Quote all of the entries word for word.

· · ·

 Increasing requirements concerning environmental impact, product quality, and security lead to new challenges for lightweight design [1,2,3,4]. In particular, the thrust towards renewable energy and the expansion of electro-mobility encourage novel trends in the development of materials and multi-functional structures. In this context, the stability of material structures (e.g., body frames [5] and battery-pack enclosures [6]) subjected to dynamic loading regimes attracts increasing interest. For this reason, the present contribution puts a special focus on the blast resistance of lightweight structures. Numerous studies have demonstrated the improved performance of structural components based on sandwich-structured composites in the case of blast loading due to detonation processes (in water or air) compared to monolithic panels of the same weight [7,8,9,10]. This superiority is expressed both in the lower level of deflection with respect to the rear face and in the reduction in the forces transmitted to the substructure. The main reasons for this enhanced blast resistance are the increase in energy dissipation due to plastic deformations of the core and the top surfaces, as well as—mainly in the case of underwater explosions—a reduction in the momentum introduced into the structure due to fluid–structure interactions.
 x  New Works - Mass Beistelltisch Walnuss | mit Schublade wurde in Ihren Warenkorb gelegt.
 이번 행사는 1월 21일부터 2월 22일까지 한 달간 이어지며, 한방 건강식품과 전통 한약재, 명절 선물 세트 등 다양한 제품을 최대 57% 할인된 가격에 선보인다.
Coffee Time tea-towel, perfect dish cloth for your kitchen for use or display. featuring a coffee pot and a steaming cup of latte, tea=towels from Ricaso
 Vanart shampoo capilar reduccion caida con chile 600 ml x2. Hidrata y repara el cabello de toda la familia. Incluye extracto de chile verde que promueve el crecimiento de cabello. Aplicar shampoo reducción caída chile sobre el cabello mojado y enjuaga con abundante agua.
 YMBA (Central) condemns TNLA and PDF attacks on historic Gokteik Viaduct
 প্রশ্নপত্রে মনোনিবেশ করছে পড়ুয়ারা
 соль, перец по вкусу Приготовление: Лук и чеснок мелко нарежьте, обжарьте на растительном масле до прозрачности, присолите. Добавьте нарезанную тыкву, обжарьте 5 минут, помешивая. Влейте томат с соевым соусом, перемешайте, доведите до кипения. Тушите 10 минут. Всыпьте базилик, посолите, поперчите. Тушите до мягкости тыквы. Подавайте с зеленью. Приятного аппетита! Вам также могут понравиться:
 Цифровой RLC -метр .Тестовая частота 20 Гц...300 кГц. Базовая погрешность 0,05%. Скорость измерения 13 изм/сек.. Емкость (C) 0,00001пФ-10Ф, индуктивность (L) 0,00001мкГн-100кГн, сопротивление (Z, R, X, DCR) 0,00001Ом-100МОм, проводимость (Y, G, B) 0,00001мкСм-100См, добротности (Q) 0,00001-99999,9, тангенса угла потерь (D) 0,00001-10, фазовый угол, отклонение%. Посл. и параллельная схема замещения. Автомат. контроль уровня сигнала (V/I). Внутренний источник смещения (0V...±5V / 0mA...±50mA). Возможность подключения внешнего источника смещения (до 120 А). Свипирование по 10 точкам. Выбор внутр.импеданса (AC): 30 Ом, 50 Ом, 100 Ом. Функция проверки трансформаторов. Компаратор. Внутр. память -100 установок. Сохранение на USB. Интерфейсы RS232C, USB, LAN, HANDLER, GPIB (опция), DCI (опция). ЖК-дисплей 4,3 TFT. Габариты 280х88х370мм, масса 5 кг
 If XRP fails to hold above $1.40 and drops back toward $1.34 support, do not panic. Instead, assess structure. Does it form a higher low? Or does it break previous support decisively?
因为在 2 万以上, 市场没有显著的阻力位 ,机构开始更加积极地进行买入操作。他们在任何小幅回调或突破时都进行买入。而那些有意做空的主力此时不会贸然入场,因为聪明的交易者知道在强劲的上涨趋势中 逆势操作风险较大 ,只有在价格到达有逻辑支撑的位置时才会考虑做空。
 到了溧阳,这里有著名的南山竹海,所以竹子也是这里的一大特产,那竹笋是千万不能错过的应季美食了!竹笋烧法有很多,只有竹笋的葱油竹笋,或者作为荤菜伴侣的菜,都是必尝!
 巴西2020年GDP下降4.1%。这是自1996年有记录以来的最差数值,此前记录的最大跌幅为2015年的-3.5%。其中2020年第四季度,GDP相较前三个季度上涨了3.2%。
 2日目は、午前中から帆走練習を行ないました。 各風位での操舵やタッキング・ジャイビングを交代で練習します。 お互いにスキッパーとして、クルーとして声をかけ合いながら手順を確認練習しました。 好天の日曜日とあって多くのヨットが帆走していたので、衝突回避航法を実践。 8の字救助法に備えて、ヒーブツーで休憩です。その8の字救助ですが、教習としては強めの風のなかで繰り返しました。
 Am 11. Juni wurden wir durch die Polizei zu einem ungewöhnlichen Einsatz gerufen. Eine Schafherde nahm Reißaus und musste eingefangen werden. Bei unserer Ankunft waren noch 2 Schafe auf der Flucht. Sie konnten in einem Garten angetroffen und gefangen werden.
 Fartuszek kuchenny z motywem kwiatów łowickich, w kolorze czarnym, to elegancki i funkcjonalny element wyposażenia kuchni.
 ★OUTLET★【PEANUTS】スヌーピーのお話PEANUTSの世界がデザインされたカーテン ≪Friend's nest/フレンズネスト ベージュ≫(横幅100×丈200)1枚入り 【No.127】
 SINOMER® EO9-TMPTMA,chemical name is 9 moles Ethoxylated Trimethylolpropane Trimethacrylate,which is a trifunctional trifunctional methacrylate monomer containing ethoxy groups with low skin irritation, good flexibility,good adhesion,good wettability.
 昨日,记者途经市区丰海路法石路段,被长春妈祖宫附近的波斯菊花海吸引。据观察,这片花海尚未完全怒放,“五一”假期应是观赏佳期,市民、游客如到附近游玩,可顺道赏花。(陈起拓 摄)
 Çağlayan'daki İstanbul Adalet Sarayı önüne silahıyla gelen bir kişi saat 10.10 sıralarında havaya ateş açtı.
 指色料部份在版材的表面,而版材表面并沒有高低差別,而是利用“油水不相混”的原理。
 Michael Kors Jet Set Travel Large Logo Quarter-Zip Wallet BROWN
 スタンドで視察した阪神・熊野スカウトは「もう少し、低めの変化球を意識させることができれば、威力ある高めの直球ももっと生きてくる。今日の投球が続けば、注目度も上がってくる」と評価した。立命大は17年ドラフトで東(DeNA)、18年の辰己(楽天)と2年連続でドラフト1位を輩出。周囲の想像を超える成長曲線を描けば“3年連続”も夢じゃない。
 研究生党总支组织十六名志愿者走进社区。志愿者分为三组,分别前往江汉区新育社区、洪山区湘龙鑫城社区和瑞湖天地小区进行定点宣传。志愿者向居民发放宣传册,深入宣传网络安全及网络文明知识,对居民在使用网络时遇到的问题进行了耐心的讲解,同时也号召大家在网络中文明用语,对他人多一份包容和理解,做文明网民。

· · ·

**Finished exercise**
 Increasing requirements concerning environmental impact, product quality, and security lead to new challenges for lightweight design [1,2,3,4]. In particular, the thrust towards renewable energy and the expansion of electro-mobility encourage novel trends in the development of materials and multi-functional structures. In this context, the stability of material structures (e.g., body frames [5] and battery-pack enclosures [6]) subjected to dynamic loading regimes attracts increasing interest. For this reason, the present contribution puts a special focus on the blast resistance of lightweight structures. Numerous studies have demonstrated the improved performance of structural components based on sandwich-structured composites in the case of blast loading due to detonation processes (in water or air) compared to monolithic panels of the same weight [7,8,9,10]. This superiority is expressed both in the lower level of deflection with respect to the rear face and in the reduction in the forces transmitted to the substructure. The main reasons for this enhanced blast resistance are the increase in energy dissipation due to plastic deformations of the core and the top surfaces, as well as—mainly in the case of underwater explosions—a reduction in the momentum introduced into the structure due to fluid–structure interactions.
 x  New Works - Mass Beistelltisch Walnuss | mit Schublade wurde in Ihren Warenkorb gelegt.
 이번 행사는 1월 21일부터 2월 22일까지 한 달간 이어지며, 한방 건강식품과 전통 한약재, 명절 선물 세트 등 다양한 제품을 최대 57% 할인된 가격에 선보인다.
Coffee Time tea-towel, perfect dish cloth for your kitchen for use or display. featuring a coffee pot and a steaming cup of latte, tea=towels from Ricaso
 Vanart shampoo capilar reduccion caida con chile 600 ml x2. Hidrata y repara el cabello de toda la familia. Incluye extracto de chile verde que promueve el crecimiento de cabello. Aplicar shampoo reducción caída chile sobre el cabello mojado y enjuaga con abundante agua.
 YMBA (Central) condemns TNLA and PDF attacks on historic Gokteik Viaduct
 প্রশ্নপত্রে মনোনিবেশ করছে পড়ুয়ারা
 соль, перец по вкусу Приготовление: Лук и чеснок мелко нарежьте, обжарьте на растительном масле до прозрачности, присолите. Добавьте нарезанную тыкву, обжарьте 5 минут, помешивая. Влейте томат с соевым соусом, перемешайте, доведите до кипения. Тушите 10 минут. Всыпьте базилик, посолите, поперчите. Тушите до мягкости тыквы. Подавайте с зеленью. Приятного аппетита! Вам также могут понравиться:
 Цифровой RLC -метр .Тестовая частота 20 Гц...300 кГц. Базовая погрешность 0,05%. Скорость измерения 13 изм/сек.. Емкость (C) 0,00001пФ-10Ф, индуктивность (L) 0,00001мкГн-100кГн, сопротивление (Z, R, X, DCR) 0,00001Ом-100МОм, проводимость (Y, G, B) 0,00001мкСм-100См, добротности (Q) 0,00001-99999,9, тангенса угла потерь (D) 0,00001-10, фазовый угол, отклонение%. Посл. и параллельная схема замещения. Автомат. контроль уровня сигнала (V/I). Внутренний источник смещения (0V...±5V / 0mA...±50mA). Возможность подключения внешнего источника смещения (до 120 А). Свипирование по 10 точкам. Выбор внутр.импеданса (AC): 30 Ом, 50 Ом, 100 Ом. Функция проверки трансформаторов. Компаратор. Внутр. память -100 установок. Сохранение на USB. Интерфейсы RS232C, USB, LAN, HANDLER, GPIB (опция), DCI (опция). ЖК-дисплей 4,3 TFT. Габариты 280х88х370мм, масса 5 кг
 If XRP fails to hold above $1.40 and drops back toward $1.34 support, do not panic. Instead, assess structure. Does it form a higher low? Or does it break previous support decisively?
因为在 2 万以上, 市场没有显著的阻力位 ,机构开始更加积极地进行买入操作。他们在任何小幅回调或突破时都进行买入。而那些有意做空的主力此时不会贸然入场,因为聪明的交易者知道在强劲的上涨趋势中 逆势操作风险较大 ,只有在价格到达有逻辑支撑的位置时才会考虑做空。
 到了溧阳,这里有著名的南山竹海,所以竹子也是这里的一大特产,那竹笋是千万不能错过的应季美食了!竹笋烧法有很多,只有竹笋的葱油竹笋,或者作为荤菜伴侣的菜,都是必尝!
 巴西2020年GDP下降4.1%。这是自1996年有记录以来的最差数值,此前记录的最大跌幅为2015年的-3.5%。其中2020年第四季度,GDP相较前三个季度上涨了3.2%。
 2日目は、午前中から帆走練習を行ないました。 各風位での操舵やタッキング・ジャイビングを交代で練習します。 お互いにスキッパーとして、クルーとして声をかけ合いながら手順を確認練習しました。 好天の日曜日とあって多くのヨットが帆走していたので、衝突回避航法を実践。 8の字救助法に備えて、ヒーブツーで休憩です。その8の字救助ですが、教習としては強めの風のなかで繰り返しました。
 Am 11. Juni wurden wir durch die Polizei zu einem ungewöhnlichen Einsatz gerufen. Eine Schafherde nahm Reißaus und musste eingefangen werden. Bei unserer Ankunft waren noch 2 Schafe auf der Flucht. Sie konnten in einem Garten angetroffen und gefangen werden.
 Fartuszek kuchenny z motywem kwiatów łowickich, w kolorze czarnym, to elegancki i funkcjonalny element wyposażenia kuchni.
 ★OUTLET★【PEANUTS】スヌーピーのお話PEANUTSの世界がデザインされたカーテン ≪Friend's nest/フレンズネスト ベージュ≫(横幅100×丈200)1枚入り 【No.127】
 SINOMER® EO9-TMPTMA,chemical name is 9 moles Ethoxylated Trimethylolpropane Trimethacrylate,which is a trifunctional trifunctional methacrylate monomer containing ethoxy groups with low skin irritation, good flexibility,good adhesion,good wettability.
 昨日,记者途经市区丰海路法石路段,被长春妈祖宫附近的波斯菊花海吸引。据观察,这片花海尚未完全怒放,“五一”假期应是观赏佳期,市民、游客如到附近游玩,可顺道赏花。(陈起拓 摄)
 Çağlayan'daki İstanbul Adalet Sarayı önüne silahıyla gelen bir kişi saat 10.10 sıralarında havaya ateş açtı.
 指色料部份在版材的表面,而版材表面并沒有高低差別,而是利用“油水不相混”的原理。
 Michael Kors Jet Set Travel Large Logo Quarter-Zip Wallet BROWN
 スタンドで視察した阪神・熊野スカウトは「もう少し、低めの変化球を意識させることができれば、威力ある高めの直球ももっと生きてくる。今日の投球が続けば、注目度も上がってくる」と評価した。立命大は17年ドラフトで東(DeNA)、18年の辰己(楽天)と2年連続でドラフト1位を輩出。周囲の想像を超える成長曲線を描けば“3年連続”も夢じゃない。
 研究生党总支组织十六名志愿者走进社区。志愿者分为三组,分别前往江汉区新育社区、洪山区湘龙鑫城社区和瑞湖天地小区进行定点宣传。志愿者向居民发放宣传册,深入宣传网络安全及网络文明知识,对居民在使用网络时遇到的问题进行了耐心的讲解,同时也号召大家在网络中文明用语,对他人多一份包容和理解,做文明网民。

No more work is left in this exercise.